### [REQUIRED ACTION]
Copy out the data exactly as it appears, without a single image.

AVAILABLE RECORDS Start Marker

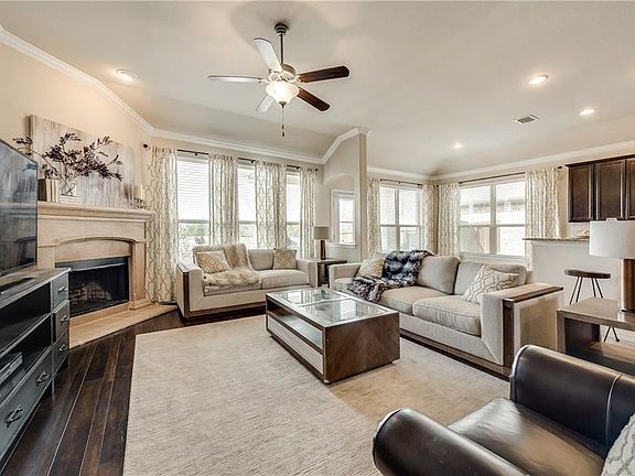 Beautiful Lennar 4 bed, 3.5 bath, formal dining, covered patio. Brick and stone exterior; stainless GE appliances including fridge; crown molding throughout; Energy Star Certified, 2in blinds included, Kitchen includes granite countertops and ceramic tile in entry and all wet areas,wood flooring in den. Radiant barrier, Full gutters; 15 SEER HVAC and plenty of extras. School bus stop is 3 doors down. This house is truly a gem, with the community center across the street for swimming, cooking out or just enjoying a family gathering. Washer, Dryer and Refrigerator will convey with the home if needed.
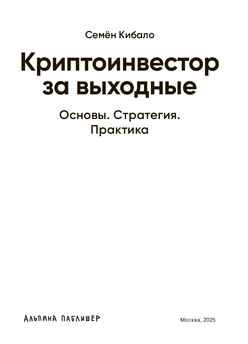 Книга будет полезна тем, кто хочет разобраться, что такое блокчейн и как устроен мир криптовалют в целом. С помощью этих знаний можно не только избежать типичных ошибок, но и значительно повысить шансы на успешный старт в мире криптоинвестиций. При этом Семён Кибало не идеализирует рынок и не замалчивает риски. Он с первых страниц подчеркивает, что криптовалюта — это крайне волатильный и рискованный финансовый инструмент, на котором можно как заработать, так и потерять деньги. Если бы с такого честного предупреждения начинались все разговоры о криптоинвестициях, возможно, многие новички смогли бы избежать ненужных потерь.
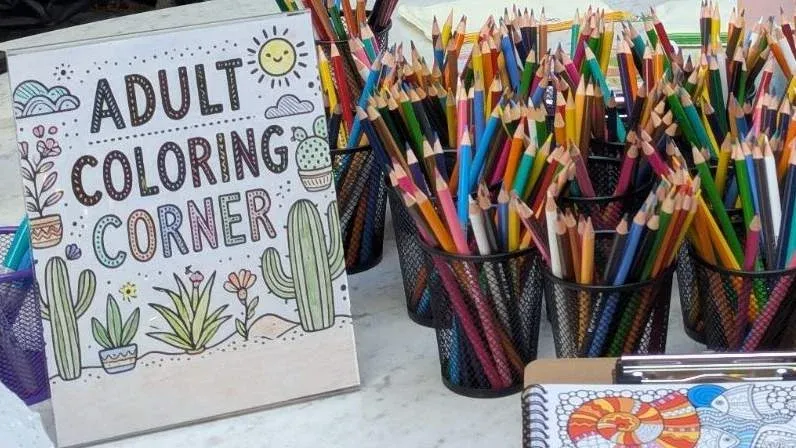 * Supplies: Colored pencils, markers, erasers, coloring book pages, and clipboards provided for shared use. Feel free to bring your own suppliesโno obligation to share.
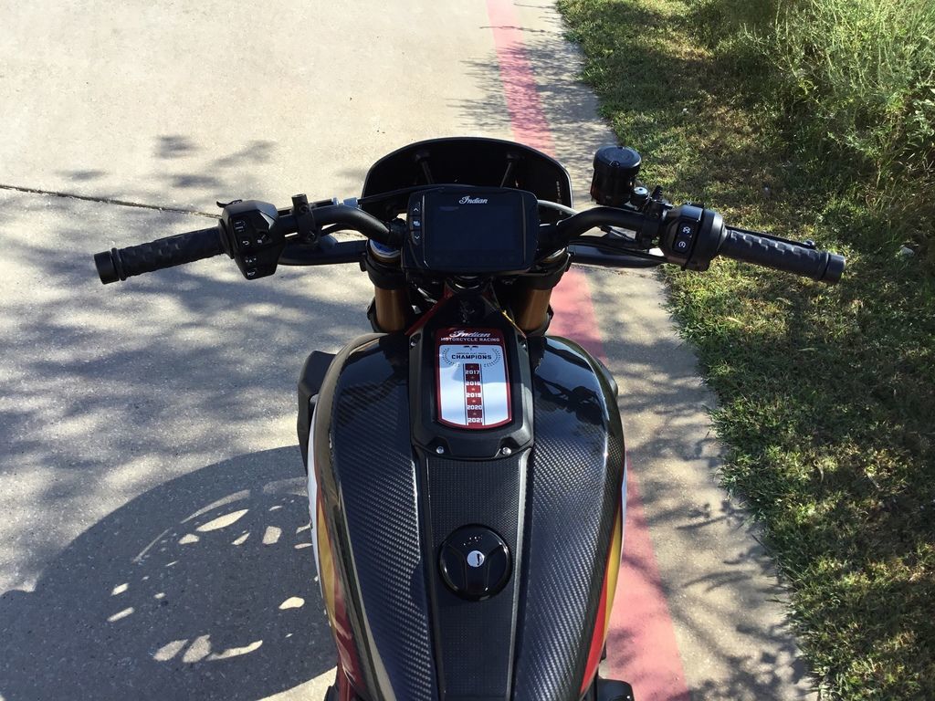 Premium carbon fiber bodywork, including the tank shrouds, headlight nacelle, front fender, and seat cowl, give the FTR Championship Edition a lightweight, aggressive, and premium appearance. The exposed weave contrasts perfectly with the championship graphics, while every curve and contour echoes Indian’s meticulous design philosophy. It’s a motorcycle that commands attention—both in motion and at rest.
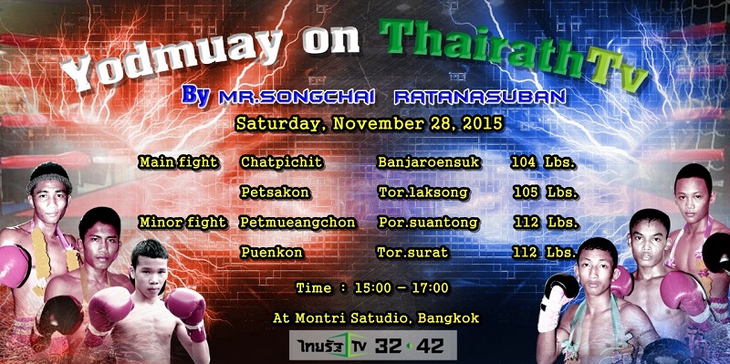 Home News Yodmuay on ThairathTV Saturday , November 28,2015 By MR.SONGCHAI RATANASUBAN NewsProgramsYod Muay ThaiRath Yodmuay on ThairathTV Saturday , November 28,2015 By MR.SONGCHAI RATANASUBAN By admin - November 23, 2015 1341 0 Facebook Twitter Pinterest WhatsApp

AVAILABLE RECORDS End Marker

### [ANSWER AREA]
 Beautiful Lennar 4 bed, 3.5 bath, formal dining, covered patio. Brick and stone exterior; stainless GE appliances including fridge; crown molding throughout; Energy Star Certified, 2in blinds included, Kitchen includes granite countertops and ceramic tile in entry and all wet areas,wood flooring in den. Radiant barrier, Full gutters; 15 SEER HVAC and plenty of extras. School bus stop is 3 doors down. This house is truly a gem, with the community center across the street for swimming, cooking out or just enjoying a family gathering. Washer, Dryer and Refrigerator will convey with the home if needed.
 Книга будет полезна тем, кто хочет разобраться, что такое блокчейн и как устроен мир криптовалют в целом. С помощью этих знаний можно не только избежать типичных ошибок, но и значительно повысить шансы на успешный старт в мире криптоинвестиций. При этом Семён Кибало не идеализирует рынок и не замалчивает риски. Он с первых страниц подчеркивает, что криптовалюта — это крайне волатильный и рискованный финансовый инструмент, на котором можно как заработать, так и потерять деньги. Если бы с такого честного предупреждения начинались все разговоры о криптоинвестициях, возможно, многие новички смогли бы избежать ненужных потерь.
 * Supplies: Colored pencils, markers, erasers, coloring book pages, and clipboards provided for shared use. Feel free to bring your own suppliesโno obligation to share.
 Premium carbon fiber bodywork, including the tank shrouds, headlight nacelle, front fender, and seat cowl, give the FTR Championship Edition a lightweight, aggressive, and premium appearance. The exposed weave contrasts perfectly with the championship graphics, while every curve and contour echoes Indian’s meticulous design philosophy. It’s a motorcycle that commands attention—both in motion and at rest.
 Home News Yodmuay on ThairathTV Saturday , November 28,2015 By MR.SONGCHAI RATANASUBAN NewsProgramsYod Muay ThaiRath Yodmuay on ThairathTV Saturday , November 28,2015 By MR.SONGCHAI RATANASUBAN By admin - November 23, 2015 1341 0 Facebook Twitter Pinterest WhatsApp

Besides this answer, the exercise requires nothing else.